=== To do ===
Begin at the line that has "TE Part #647401-4", stop after the line that has "Fig. 1. Left: touchless", and print exactly those lines from the records below, without any pictures.

=== Stored dataset items ===
■ ■ ■ ■ ■ ■ ■

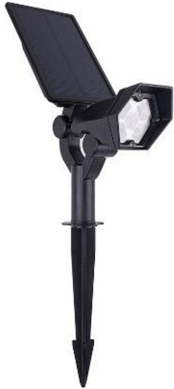
Pole Adapters & Brackets
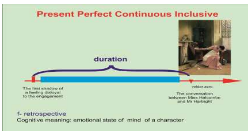
Figure 03. Present Perfect Continuous inclusive

the moment of the conversation between Walter and Marian. Laura's suffering began from the moment the shadow of disloyalty crept into her heart, therefore the localisation of the action in time is presented explicitly, lexically 'since the first shadow of a feeling disloyal to her marriage engagement entered her heart', the reference point is supported by speech conditions. This context also emphasises the process or duration of the action. A retrospective function emphasises a causal relationship. For the reason that Laura is suffering, Marian decides to speak to Mr. Hartright. The cognitive meaning is the emotional state of mind of the hero (Figure 03).
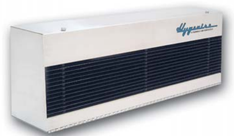
Hygosino ® Ultraviolet Air Disinfection Fixtures are manufactured by the Atlantic Ultraviolet Corp. Made in the USA
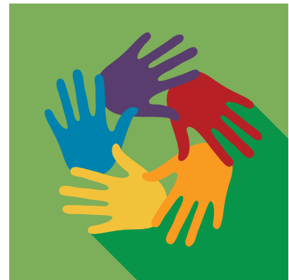
People, Culture and Society
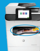
350-sheet inner finisher with stapler 23
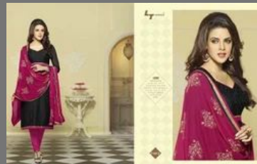
Chanderi Ladies Suit
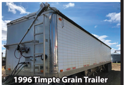
1996 Timpfe Grain Trailer
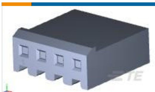
TE Part #647401-4 04P SL156 HSG W/RAMP,LRG OPEN
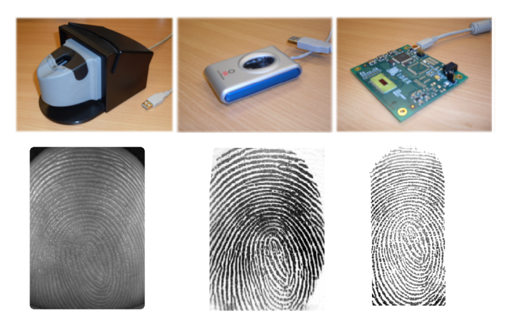
Fig. 1. Left: touchless optical sensor (TST BiRD3), Middle: optical sensor (DP U.4000), Right: capacative line sensor (IDEX SmartFinger<sup>®</sup> IX 10-4) and a fingerprint image from each database, at the same scale factor.

In this experiment, 40 subjects participated and walking were recorded. The gender distribution was the same as with the fingerprint experiment. Subjects were told to walk normally for a distance of about 20 meters in a hall on flat ground. At the end of the hall the subjects had to wait 2 seconds, turn around, wait, and then walk back. A so called Motion Recording 100 (MR100) sensor was used to record the motion. The MR100 measures acceleration in three orthogonal directions, namely up-down, forward-backward and sideways
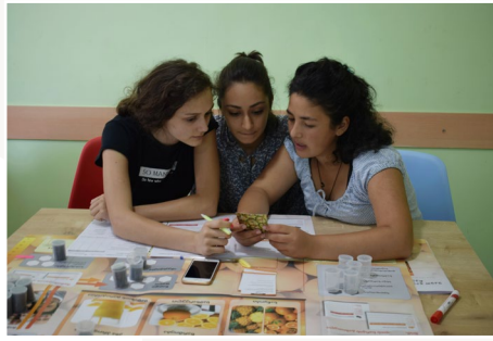
young people playing micro business games at the adult education centre in Leliani, Kakheti
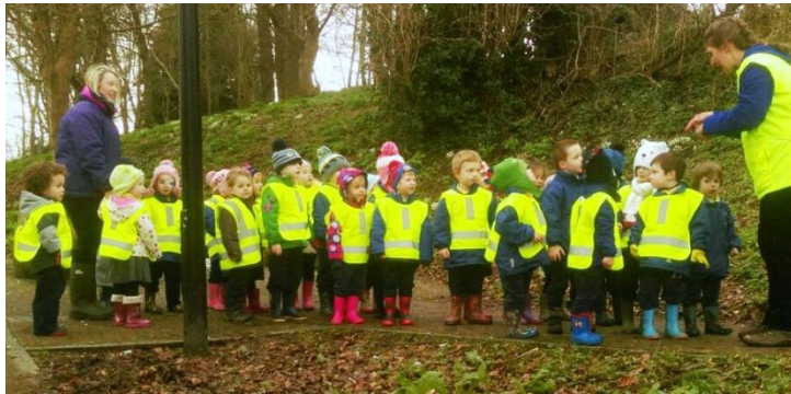
Above: Pupils go looking for snowdrops in the local park.
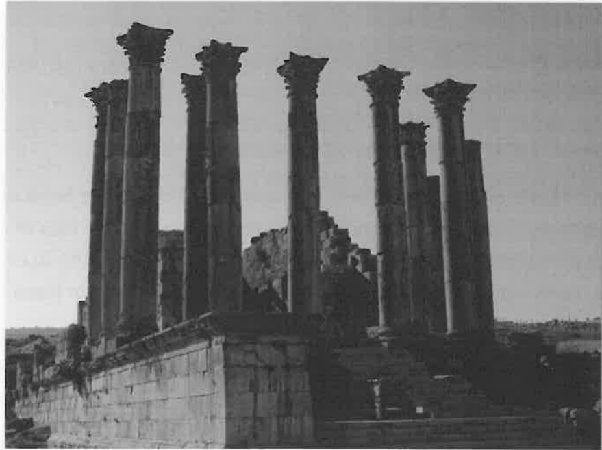
Temple of Artemis at Ephesus

So they got the whole city together in their vast theater. They accused Paul of hating their goddess, ruining their city. Whenever anyone tried to explain, they would just shout, "Great is Artemis of the Ephesians! Great is Artemis of the Ephesians!" Can you imagine being a witness for Jesus on that stage?
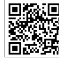
Canadian Hearing Institute
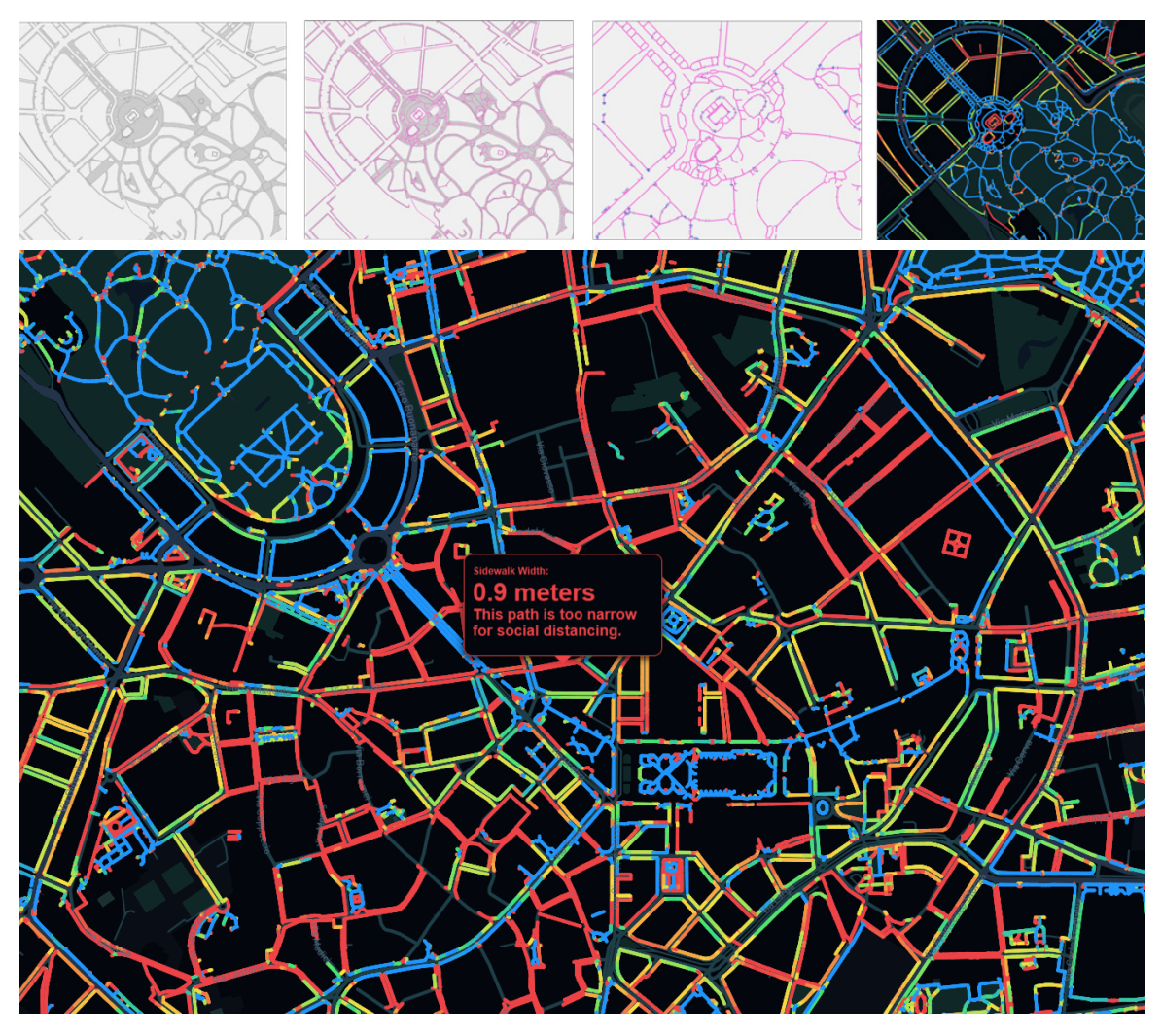
Fig. 6 A screenshot from the interactive map showing sidewalks widths in Milan and highlighting the critical areas where physical distancing cannot be respected: very difficult (less than 2.4 m), highlighted in red; somehow doable (between 2.4 and 3.3m), in yellow; doable (between 3.3 and 4.2 m), in green; easy (more than 4.2 m), in blue.

infrastructural characteristics of the sidewalks network<sup>23</sup>. Starting from the recommended interpersonal distance of 1 meter for contagion containment, the analysis considered the space occupied by each person (0.6 m + 0.2 m of comfort zone) and applied 1 meter spacing assuming different sidewalk sections. In this way, it was possible to define intervals to evaluate the level of suitability of sidewalks based on their width.

■ ■ ■ ■ ■ ■ ■

=== Your solution ===
TE Part #647401-4 04P SL156 HSG W/RAMP,LRG OPEN
Fig. 1. Left: touchless optical sensor (TST BiRD3), Middle: optical sensor (DP U.4000), Right: capacative line sensor (IDEX SmartFinger<sup>®</sup> IX 10-4) and a fingerprint image from each database, at the same scale factor.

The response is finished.